First African-American woman to graduate from Purdue University

Delia Loretta Silance (March 20, 1907 – April 10, 1984) was an American educator. She and her younger sister Ella Belle were the first known African-American women to graduate from Purdue University, in 1932. Silance worked in high schools and higher education until she retired in 1970.

==Early life and education==
Silance was born in Lafayette, Indiana, the daughter of Louis Napoleon Silance and Emma Florence Smith Silance. She graduated from Jefferson High School in 1925, and earned a bachelor's degree from Purdue University in 1932, with help from a scholarship from the Indiana Association of Colored Women's Clubs, and an academic scholarship. Both of her parents died while she was in college, and Purdue policies meant that she could not live in the college dormitories or use campus dining halls. She and her sister Ella Belle lived with their grandmother Delia Smith and other relatives until they both finished college in 1932. She received a special award for being an "outstanding girl in science", and she was on the distinguished student list all eight semesters of her college career. The Silance sisters are considered the first known African-American women to graduate from Purdue. Their brothers Louis and Clyde also graduated from Purdue.

Delia Silance completed a master's degree in education at Purdue in 1933. Both Silance sisters were inducted into the Sigma Xi honor society in 1934.

==Career==
Silance worked in federal programs during the Great Depression, teaching English, Spanish, and history in Indiana. In the 1940s she taught at high schools in Prairie View, Texas, and in Clarksville, Tennessee. From the late 1950s until she retired in 1970, she worked at Purdue University, in the Division of Educational Reference.

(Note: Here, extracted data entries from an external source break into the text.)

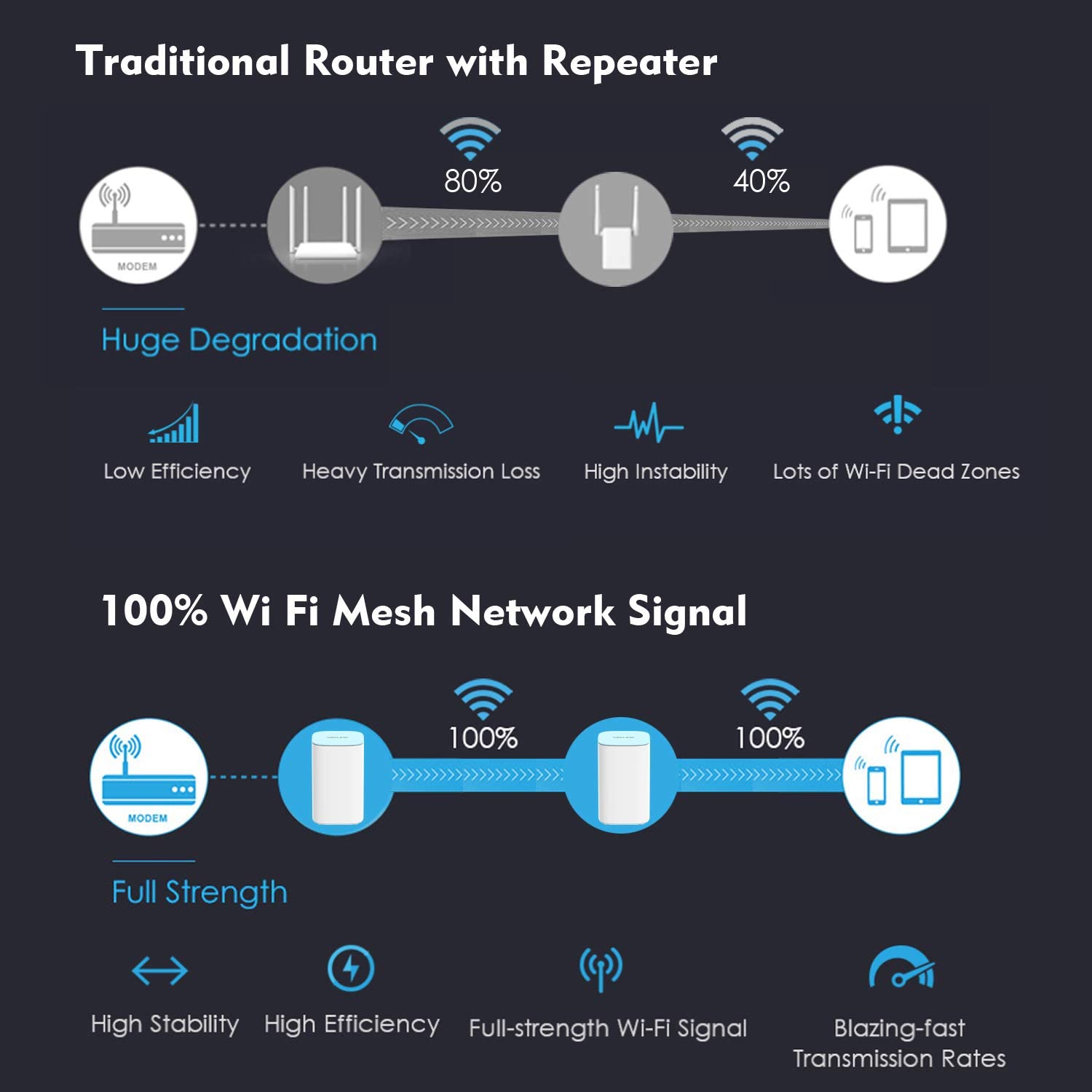 - 【Easy Setup】Mesh WiFi System chooses the fastest path for device connections and keeps your network running as fast as possible.Easy setup assistant with multi-language support provides a quick & hassle-free installation process.7×24 online customer support, any problems please contact us at any time: -)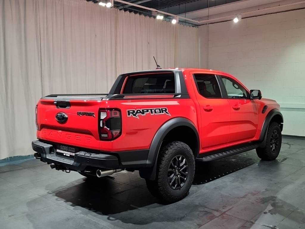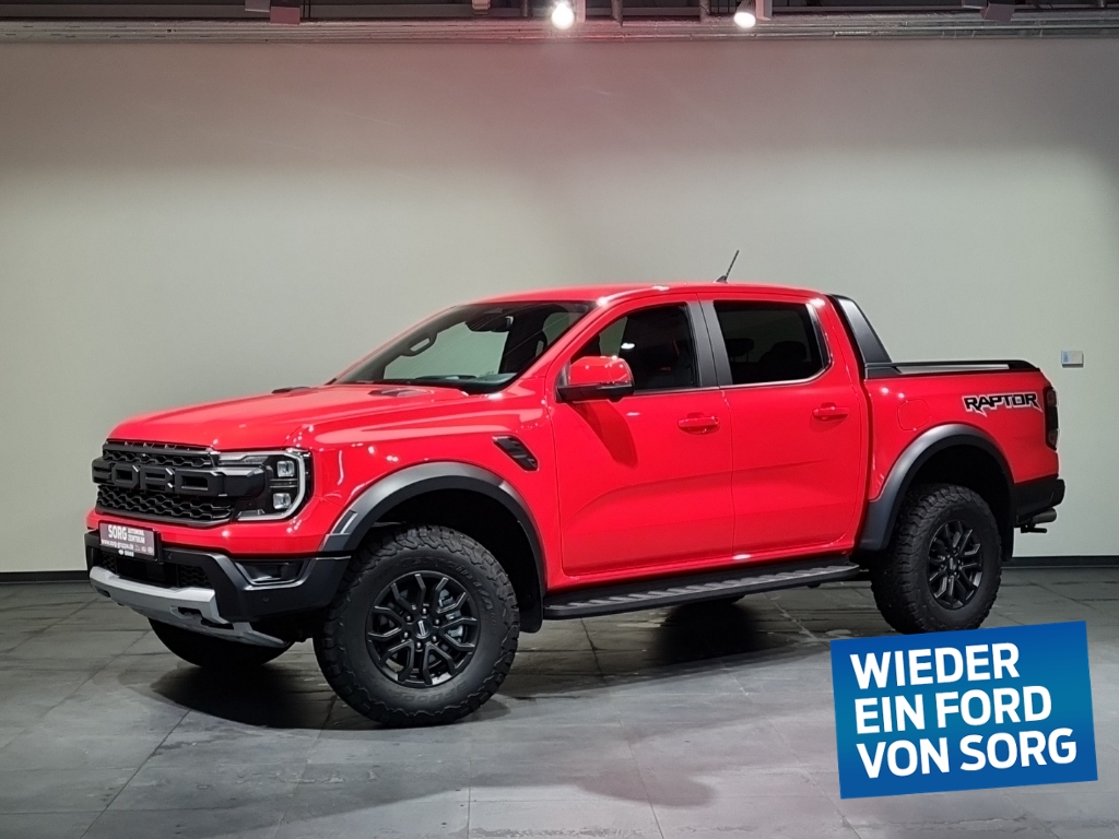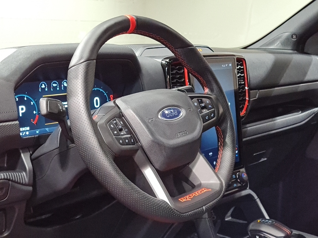 Anhängevorrichtung 13-polig, Ford KeyFree System, Außenspiegel elektrisch einstellbar, beheizbar, elektrisch anklappbar und mit integrierten Blinkleuchten und Umfeldbeleuchtung, Seitenscheiben ab 2. Sitzreihe und Heckscheibe dunkel getönt, Laderaumschutzwanne, Heckklappenschloss elektrisch ohne Schließzylinder, Motorschutz (Stahl) und Tankschutz (Plastik), Raptor-Paket: Sportbügel, Laderaum-Sportreling, Elektrisches Laderaumrollo, Off-Road-Paket: Drehschalter-Fahrmodi, Terrain-Management-System mit 7 wählbaren Fahrmodi, Heckklappe Easy Lift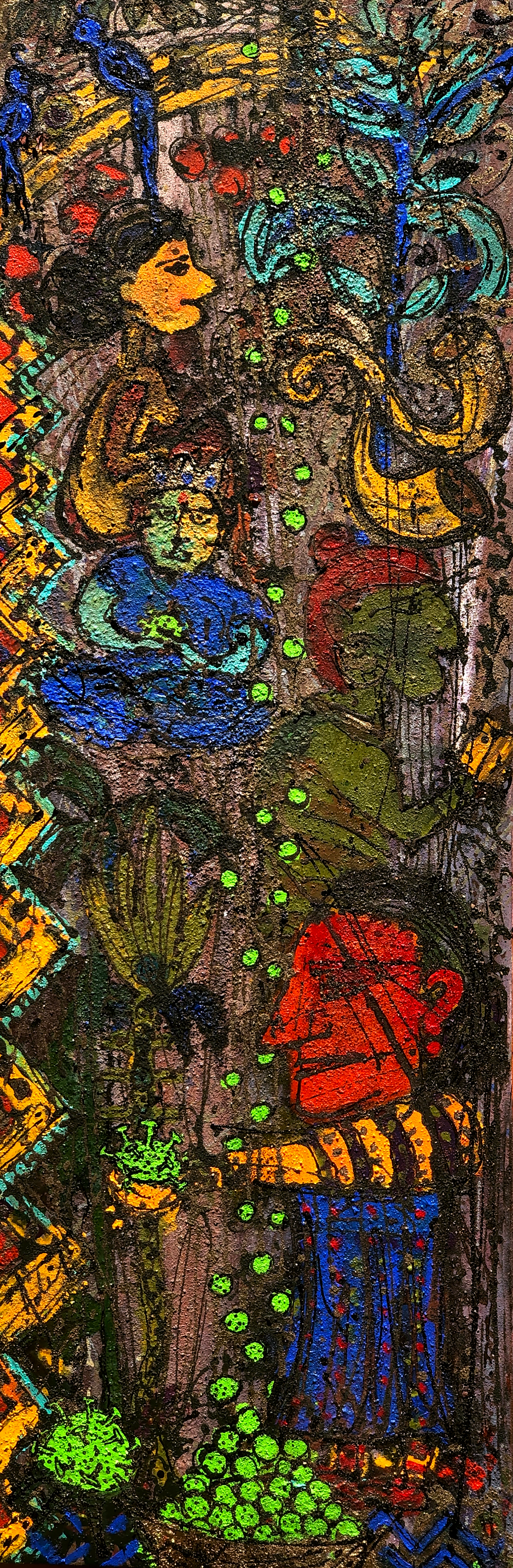 My painting, “A SLIGHT SHIFT” conceals an approaching apocalypse under veils of bright colours and neon greens; with royalty and commoners the world over refusing social distancing, hope writ large on ignorant faces…..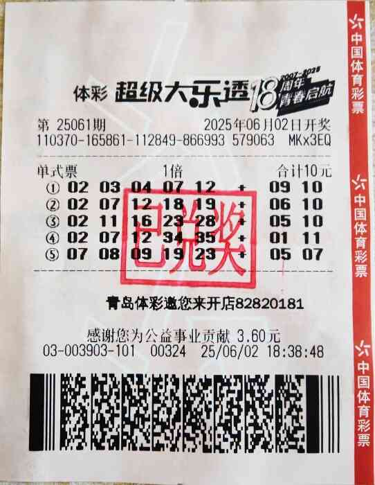 6月2日,超级大乐透第25061期如期开奖,前区摇出的号码为02、11、16、23、28,后区开出的号码是05、10。这一期开奖结果公布后,全国范围内共有10位幸运儿斩获一等奖。其中,山东青岛的一位购彩者成功中得1注基本投注一等奖,收获了高达813万余元的丰厚奖金。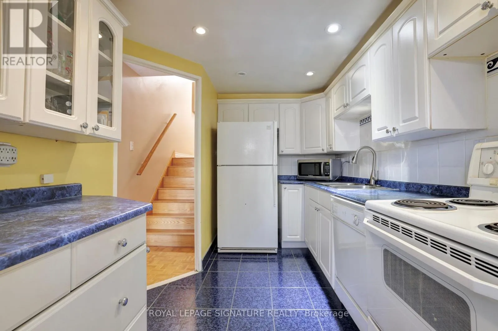 Not your Typical Condo. Beautiful large 2 Bedroom 1 Washroom Condo with separate Laundry Room Ensuite and Stairs! 1155 Sq Ft. Living Room Dining Room and Kitchen on Main Level and 2 bedrooms on Upper Level. Large Balcony with unobstructed View. The Tiffany Place Tower Amenities includes: Pool, Gym, Party Room, Tennis Court, Pool Table, Sauna, Basketball Court and 24

Silance was active in Church Women United, the NAACP, and local women's clubs. She was president of the Missionary Society at Bethel AME Church, and a leader of the Mary L. Club, a women's club that raised scholarship money for Black students. In 1940, she and her sister attended an Indianapolis concert by child prodigy Philippa Schuyler.

==Personal life==
Silance lived with her sister Ella most of their lives. Delia Silance died in 1984, in Lafayette, at the age of 77. Ella Silance died four years later, also at the age of 77.